[Opening Supplied data section]

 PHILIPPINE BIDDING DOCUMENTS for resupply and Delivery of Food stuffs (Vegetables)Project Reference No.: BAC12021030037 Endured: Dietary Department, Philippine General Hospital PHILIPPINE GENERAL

[Closing Supplied data section]
[Opening Supplied data section]

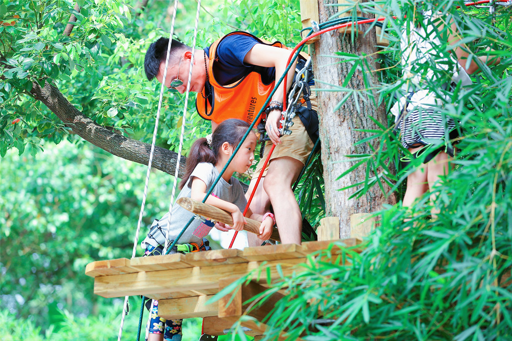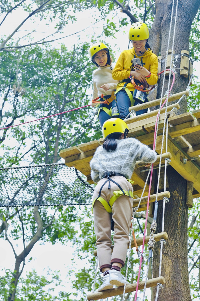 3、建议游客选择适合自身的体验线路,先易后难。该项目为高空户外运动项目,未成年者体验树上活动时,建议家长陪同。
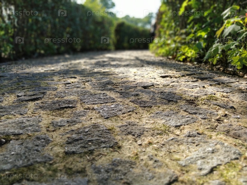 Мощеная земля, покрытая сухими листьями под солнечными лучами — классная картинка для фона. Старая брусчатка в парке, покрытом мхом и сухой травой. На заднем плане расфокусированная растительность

[Closing Supplied data section]

### What this task involves:
Your answer is the exact run of lines above from the one with "3、建议游客选择适合自身的体" through the one with "Мощеная земля, покрытая", both ends included, minus any picture.

### Answer:
 3、建议游客选择适合自身的体验线路,先易后难。该项目为高空户外运动项目,未成年者体验树上活动时,建议家长陪同。
 Мощеная земля, покрытая сухими листьями под солнечными лучами — классная картинка для фона. Старая брусчатка в парке, покрытом мхом и сухой травой. На заднем плане расфокусированная растительность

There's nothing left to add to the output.